This is the third time I have analyzed housing. Until the last time, the score was around 0.17, and even if I changed the model, it wouldn't grow any more.
This time, the standard process using CRISP-DM was used.
The data analysis process includes KDD, which focuses more on the data analysis part than CRISP-DM and CRIISP-DM as standard processes (KDD explanation is omitted this time).
The CRISP-DM process proceeds in the following order: (1) business understanding → (2) data understanding → (3) data preparation → (4) modeling → (5) evaluation → (6) application. Figure 1 CRISP-DM
I would like to introduce what I have thought about these things. Since it is Part 1, I will introduce it multiple times.

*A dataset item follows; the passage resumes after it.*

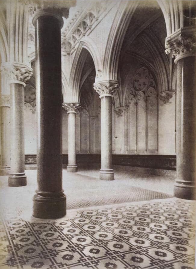 Fantastic photo recently emerged of what we now call the #CathedralRoom at the #GothicBank in #CollinsStreet, taken by Charles Bristow Walker c1897 at the @nationallibraryaus. Shows that the #floortiling done in the 1991-3 restoration by @lovellchen was not even close and how the original skylight (down a 6 storey lightwell) which was the only natural lighting, was very bright – or it might be a long exposure. Designed by #WilliamPitt as part of the very extravagant #MelbourneStockExchange, completed in 1891, as a kind of meeting vestibule/ reading room, where members could take guests. The glass floor illuminated the basement dining room (!). In the 1920s it was fitted with counters when the bank next door took it over. It’s all made of carved #OamaruLimestone, still creamy in colour. No wonder the Stock Exchange company eventually had to sell.

The challenge in this competition is to predict the price of a home. So I imagined what factors would affect the price of a house.
==================== Imagination below ==================== ** Generally "location" Close to urban areas and train stations, convenient transportation, luxury homes ** ** "House size" Site area, number of floors, building size ** ** "Included" with pool, tennis court, etc. ** ** I feel that "new construction" or "used" is quite important (how old is important?) ** ** I think that "quality" is an important factor for materials. ** **
Finally we will look at the contents of kaggle
# 1-1.Read data
df_train = pd.read_csv('/kaggle/input/house-prices-advanced-regression-techniques/train.csv')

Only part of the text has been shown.